AS Minta Klarifikasi soal Papua
JAKARTA - Duta Besar Amerika Serikat untuk Indonesia Scot Marciel meminta klarifikasi soal rekaman penyiksaan warga Papua oleh oknum militer yang beredar di YouTube beberapa waktu lalu.
”Kita jelaskan, keputusan diambil oleh hakim Mahkamah Militer yang kita sama sekali tidak intervensi,” kata Menteri Pertahanan Purnomo Yusgiantoro di Jakarta, Rabu (24/11). Purnomo didampingi Panglima TNI Laksamana Agus Suhartono saat memberikan penjelasan tersebut. Berdasarkan catatan Kompas, empat prajurit yang terlibat dihukum lima-tujuh bulan.
”Memang ada pendapat bahwa hukuman itu ringan,” kata Purnomo. Menurut Purnomo, yang menjadi pertimbangan putusan hakim Mahkamah Militer adalah, pertama, tindakan itu bukan perintah komandan sehingga tidak bersifat sistemik. Kedua, hal ini dipandang sebagai tindakan indisipliner.
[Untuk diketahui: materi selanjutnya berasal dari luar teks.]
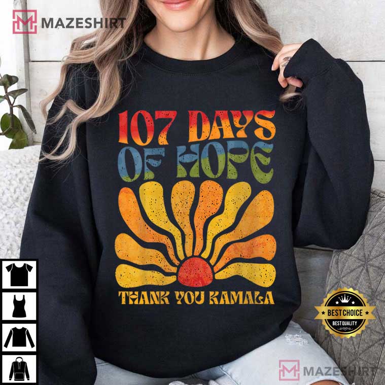 Want to brighten up your closet with a feminist T-shirt that makes you giggle and gives you hope? The “107 Days of Hope Thank You Kamala Floral Political Feminist T-Shirt” is here to shine! This Kamala Harris tee isn’t just a shirt; it’s a bright thank-you to a trailblazer wrapped in a beautiful floral pattern.

Ketiga, tidak ada saksi yang melapor.
”Tidak termasuk pelanggaran HAM (hak asasi manusia),” kata Purnomo.
Purnomo juga mengatakan, dari hasil penyelidikan Markas Besar TNI yang meminta pendapat pengamat telematika Roy Suryo, di dalam rekaman yang beredar itu sebenarnya ada dua video.
Video yang berisi penyiksaan kemaluan seorang pria Papua bukan bagian dari potongan video sebelumnya. ”Bagian itu tidak jelas, diambil di mana, siapa pelakunya karena seragamnya tidak jelas,” katanya.
Menurut Purnomo, pihaknya minta agar AS membeberkan data yang mereka miliki untuk menjadi bahan investigasi. Purnomo juga menyampaikan apresiasi akan keterbukaan Dubes AS yang minta klarifikasi.
AS Hibah F-16 Block 25
Dalam kesempatan itu juga dibahas rencana hibah 24 pesawat F-16. Dimana Indonesia yang berminat membeli enam pesawat F-16 baru (block 52) ditawarkan barter biaya retrofit (perbaikan) 24 pesawat F-16 lama. Pilihan ini kemungkinan akan diambil karena Indonesia membutuhkan pesawat tempur dalam rangka pemenuhan Minimum Esential Force (MEF) sebelum selesainya proyek pesawat tempur KFX kerjasama Indonesia-Korea Selatan pada tahun 2020 nanti.
Purnomo menjelaskan, permintaan Dubes AS ini tidak dalam konteks Excess Defence Articles (EDA). EDA adalah program AS untuk memberikan kelebihan peralatan militer yang tidak terpakai lagi untuk negara asing. Saat ini tim dari AS telah datang untuk membicarakan hal-hal teknis berkaitan dengan hibah dua skuadron F-16.
Menindak lanjuti hibah ini, Indonesia masih mempelajari dan memeriksa struktur pesawat F-16 yang akan dihibahkan tersebut. Setelah dilakukan peninjauan ke AS pesawat hibah itu merupakan F-16C/D blok 25, setingkat lebih maju dibandingkan varian yang telah dimiliki TNI AU, F-16A/B block 15 OCU.
Block 25 mempunyai kemampuan membawa rudal udara AMRAAM dan serang permukaan, radar menggunakan buatan Northrop Grumman dari jenis AN/APG-68, dengan jangkauan lebih jauh dan resolusi lebih baik dibanding varian A/B.